Based on this operation we decide to deliver the ALU os a collection of stateless arithmetic
operations.

## Naming convention

As discussed with @Ara:

### Instruction polyfills

Name template: `__llvm_<opcode>_<ty1>_<ty2>`. In case the instruction works with both operands of
the same data type, the template degrades to `__llvm_<opcode>_<ty>_<ty>`.

In the above example of `add i32 %a, %b`, the polyfill would be named `__llvm_add_i32_i32`.

### Intrinsic polyfills

Name template: `__<actual name with _ instead of .>`.

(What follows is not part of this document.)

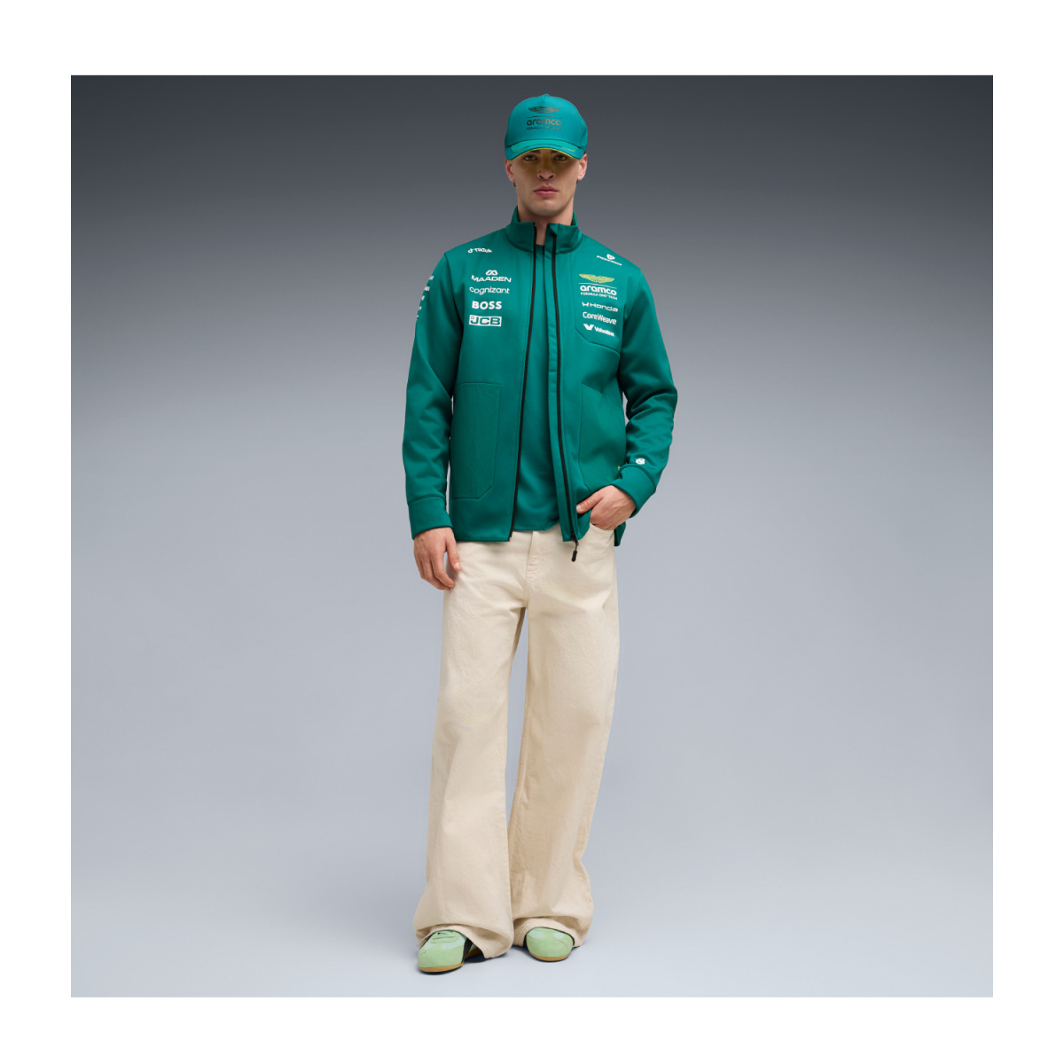Aston Martin pánská bunda softshell green official Teamline Replica F1 Team 2026
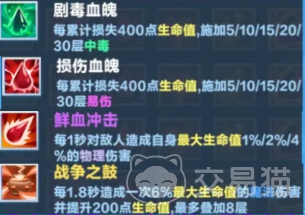 他前期主要以连败为主,这个阶段不要主动去刷新找卡,因为此时资源有限,到了中期就可以开始以100的成本去刷新找生命卡了,优先升10去找紫卡,像猛兽血脉、不灭战魂、鲜血冲击这些紫卡,那可都是必拿卡,尤其是鲜血冲击,等紫卡都有了之后,还是继续补毒并且升10去拿紫卡,在这期间生命关键卡只要看到就都要拿下,后期到了12回合的时候,就要凑等级升15了,这个时候要找的生命金卡有战争重鼓、圣光信仰等,同时要将生命流派的属性提升到40,让自己的生命值足够。

In the above example of `llvm.uadd.with.overflow.i64`, the polyfil would be named
`__llvm_uadd_with_overflow_i64`.

## Tests

Cairo has an
[integrated test framework](https://book.cairo-lang.org/ch10-01-how-to-write-tests.html), similar to
the one offered by Rust. Our ALU implementation will then come with a test suite to verify that we
implement the desired behavior, i.e. indicate overflow on some obvious situations like
`0xFFFFFFFF + 1` for a U32 add.

## Other observations

### Type conversion

Cairo does not have Rust's `as` keyword, so it's not possible to do e.g. `let a = b as u32` given
`b` is a U64.

An equivalent operation in Cairo is `let a: u32: b.try_into().unwrap();`. This approach has two
disadvantages:

- it will panic if `b`'s value is larger than `0xFFFFFFFF`,
- there's no free wraparound as in the case of `as`.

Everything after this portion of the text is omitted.